Token issuance cross multi datacenter

Hello Community!

I have an 'interesting'  puzzle. We have a 2 Data Center setup. In some instances we see that the token issued in dc1 isn't available in dc2 for some time (actually milliseconds, but its impacting the client so they win). Is there a way to pin the subsequent requests to the issuing datacenter until the token makes its way to the other datacenter? Or is there a way to have it issued into both datacenters at the same time?

Solved Solved
1 7 522
1 ACCEPTED SOLUTION

One hacky way to insure tokens are available might be to simply delay in the API proxy for some time, which should accommodate the C* propagation. This implies a change in your API Proxy. This "delay" callout might help. 

Another way to address this might be to use client-to-datacenter affinity, so that a client always uses the same DC if it is available, regardless of what token it presents. This requires a networking change. 

View solution in original post

7 REPLIES 7

This is OPDK?

One hacky way to insure tokens are available might be to simply delay in the API proxy for some time, which should accommodate the C* propagation. This implies a change in your API Proxy. This "delay" callout might help. 

Another way to address this might be to use client-to-datacenter affinity, so that a client always uses the same DC if it is available, regardless of what token it presents. This requires a networking change. 
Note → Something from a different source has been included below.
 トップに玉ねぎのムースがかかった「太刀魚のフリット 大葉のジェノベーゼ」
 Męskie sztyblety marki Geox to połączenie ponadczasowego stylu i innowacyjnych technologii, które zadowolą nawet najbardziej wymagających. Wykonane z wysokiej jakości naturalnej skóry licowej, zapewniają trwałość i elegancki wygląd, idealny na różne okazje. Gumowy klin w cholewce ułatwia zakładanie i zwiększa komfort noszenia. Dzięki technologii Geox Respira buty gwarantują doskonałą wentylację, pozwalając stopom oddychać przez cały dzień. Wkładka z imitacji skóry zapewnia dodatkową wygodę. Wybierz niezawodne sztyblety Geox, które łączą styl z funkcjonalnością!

The real question is why the clients are allowed to use each region in a form of round-robin fashion, for this to be a real issue (i.e. auth request on one region, use of the token on the second). Best solution is to configure at network level in the GTM/BigIP/Netscaler a Source-IP (or other, based on a response header, for example, assuming the GTM does TLS termination) based affinity. It's usually done by adding an iRule in BigIP; this is complemented by extra rules to balance the load on each region. It also depends on geographical location of clients and regions. I also assume this is not OPDK on GCP regions, where we do have anycast. It's not generally a good idea to add a fixed extra response latency while issuing tokens, as the C* cross DC replication latency is a variable function of DB load, B/W, API traffic volumes. Also good idea to monitor the C* replication lag real time and alert if a threshold is breached: https://github.com/gitaroktato/cassandra-replication-latency-tools

Hi Nicola, there are cases where customer uses multi-dc (dc-2) as active-active and all accessible cluster, that might be in same physical DC. I always though that multi DC good for geo scaling, but in some cases its the same country, but DR site that used as active. I've seen some replication delays if you letting customers use your multi-dc at the same time with global LB on top. 
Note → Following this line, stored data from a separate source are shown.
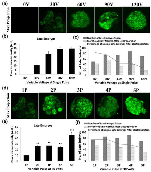 We then wanted to further understand whether these optimized conditions would show similar transfection efficacy in late stage embryos as well. Morulae stage embryos (late embryos) (Figure 4) were also transfected with the p-EGFP plasmid. Although the viability of the embryos declined (74.66% to 25.71%) with higher voltages (30 V to 120 V), fluorescence intensities followed the same trend as observed during electroporation of early embryonic stages with corresponding voltages. However, the highest survival rate was achieved with two pulses at 30 V (75.29%) and almost 70% of the survived embryos subsequently developed into blastocysts. There was no significant difference in the fluorescent intensity among two and three pulse groups at 30 V, but the three pulse group exhibited 15.29% more mortality than the two pulse group (Figure 4f). The reason behind the higher mortality rate in the three pulse group may be due to the slight zonal hatching process during late embryonic stages that generally reduces and thins the ZP membrane prior to implantation.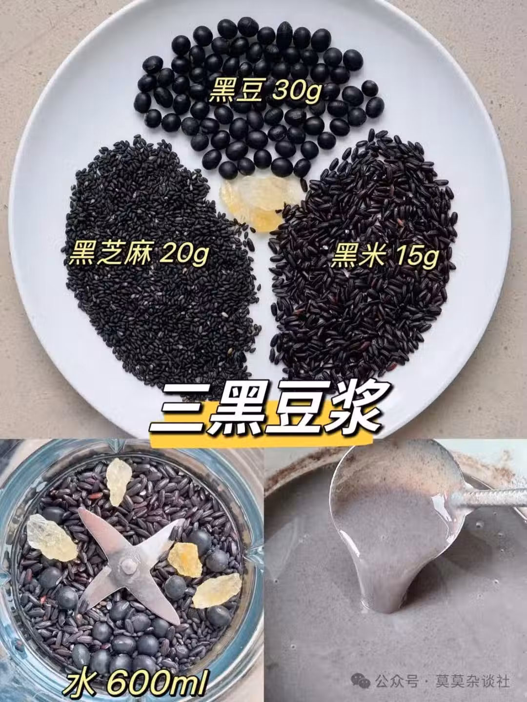 食材:黑豆 30g | 黑米 20g | 黑芝麻 15g | 水至破壁機600ml水位線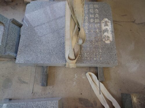 戒名碑の本体に耐震ボルトを設置。結構長いですね。足部分を貫通して、台にまで届いていないといけないので。。。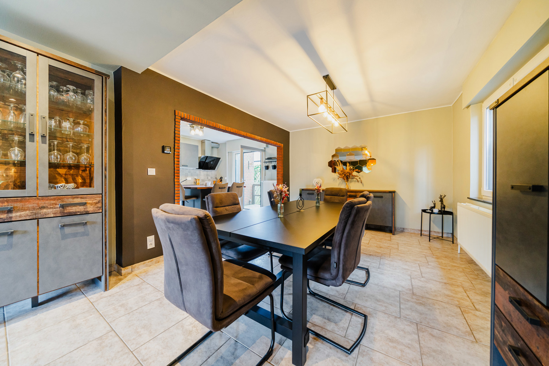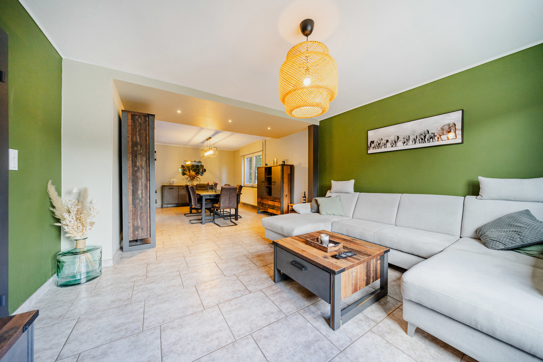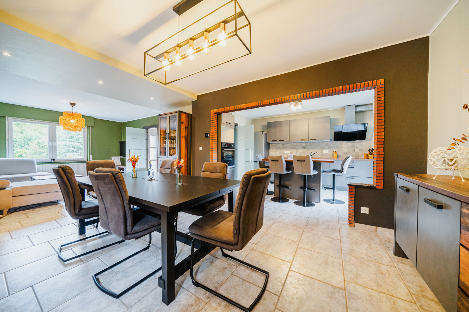 Celle-ci se compose au rez-de-chaussée d'un hall d'entrée avec WC ainsi que d'un grand salon-salle à manger ouvert sur la cuisine avec accès à la terrasse et au jardin.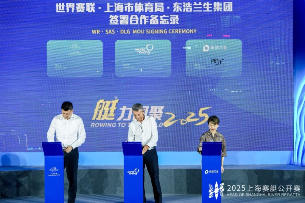 世界赛艇联合会执行主任盖拉德、上海市体育局副局长罗文桦与东浩兰生(集团)有限公司副总裁周瑾签署合作备忘录。

One of the solutions I also can see is sticky session - client that started the session will be working against same RMPs and, same DC. 

You are  correct, Denis; stickiness falls under the umbrella of "based on a response header", but in general this would involve API design and if a "session" is actually involved. REST, otherwise, is stateless.

It is, but LB can stick to IP or a bunch of other TCP stream params, you actually don't explicitly need to 'stick' some param back to the client. 

Yes, that is the easiest way to configure it. You can additionally configure the GTM to still be fair in the way it distributes the requests across sites, with additional iRules in bigIP, for example.